*** Opening Available data ***
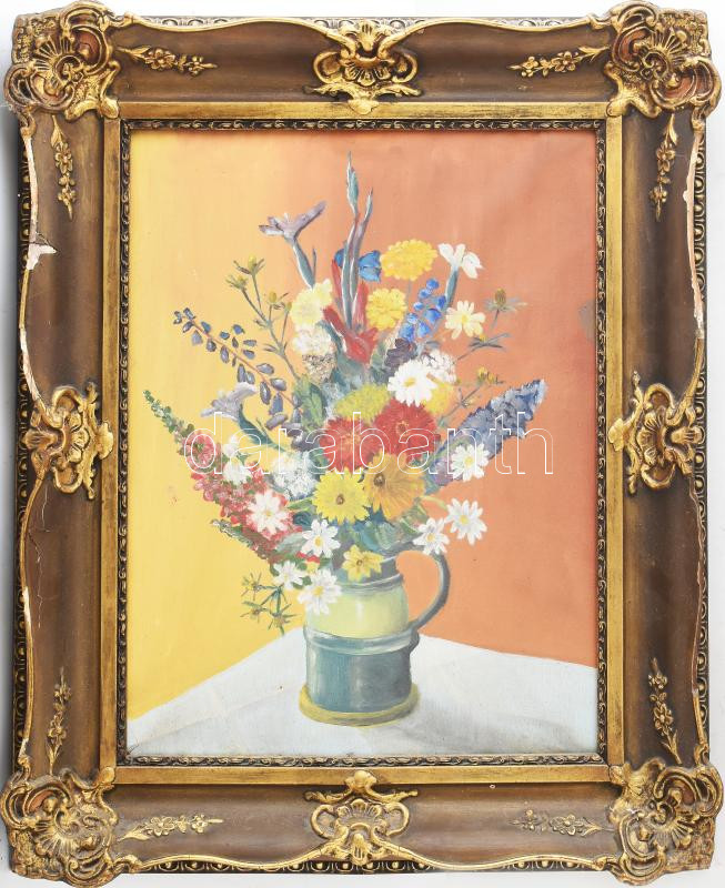 Jelzés nélkül: Csendélet. Olaj, vászon, dekoratív keretben kissé sérül... https://www.darabanth.com/hu/472-Gyorsarveres/472.0/Festmenyek-es-grafikak/Festmenyek-es-grafikak-jelzessel-jelzes-nelkul~1000002/Jelzes-nelkul-Csendelet-Olaj-vaszon-dekorativ-keretben-kisse-serult-keret-35x47-cm~II3062796
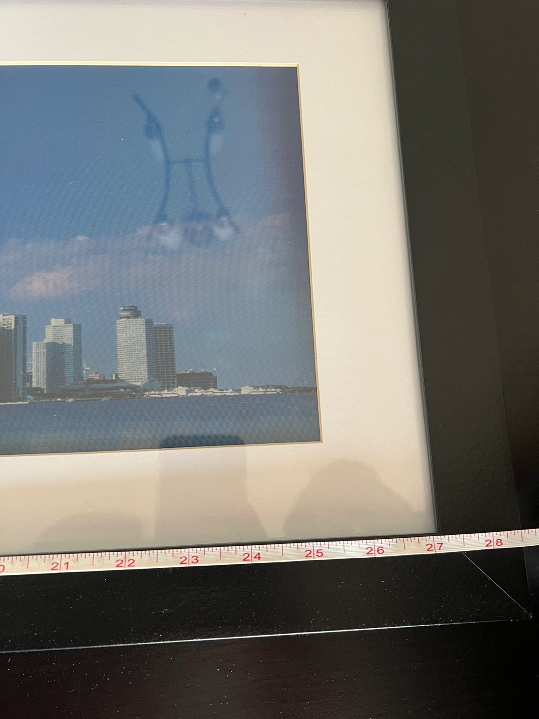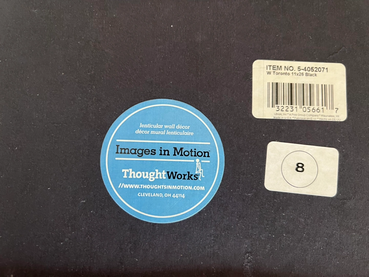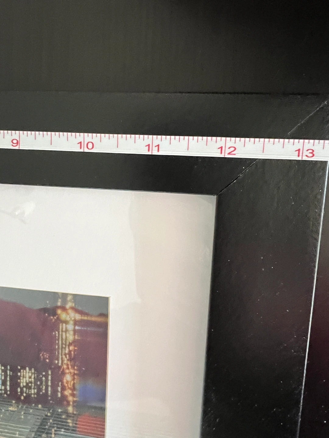 Framed lenticular wall art. Features a panoramic view of the Toronto skyline at sunset. Black frame with white matting. Excellent condition.
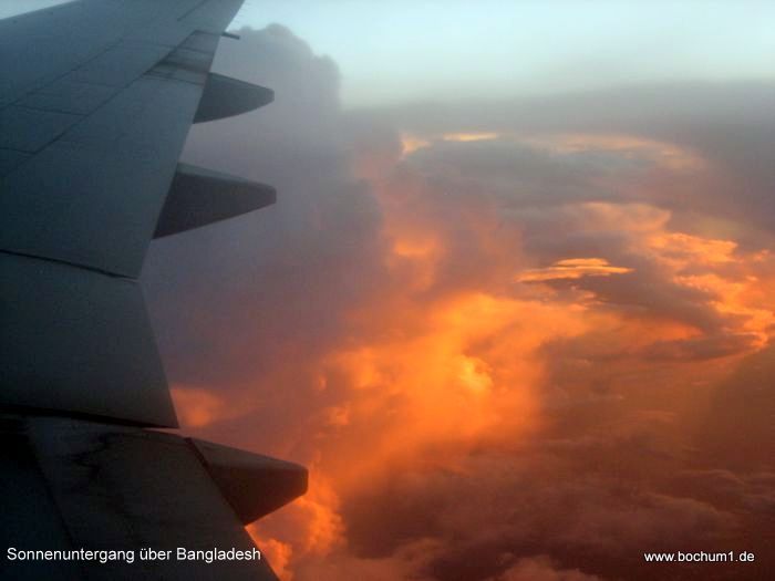 ich und wurde über Bangladesch wach, da wir auf 12.500 Meter Flughöhe
*** Closing Available data ***
_Required action_
With every picture omitted, write out the material exactly from its first line through the line containing "Framed lenticular wall".

_Your solution_
 Jelzés nélkül: Csendélet. Olaj, vászon, dekoratív keretben kissé sérül... https://www.darabanth.com/hu/472-Gyorsarveres/472.0/Festmenyek-es-grafikak/Festmenyek-es-grafikak-jelzessel-jelzes-nelkul~1000002/Jelzes-nelkul-Csendelet-Olaj-vaszon-dekorativ-keretben-kisse-serult-keret-35x47-cm~II3062796
 Framed lenticular wall art. Features a panoramic view of the Toronto skyline at sunset. Black frame with white matting. Excellent condition.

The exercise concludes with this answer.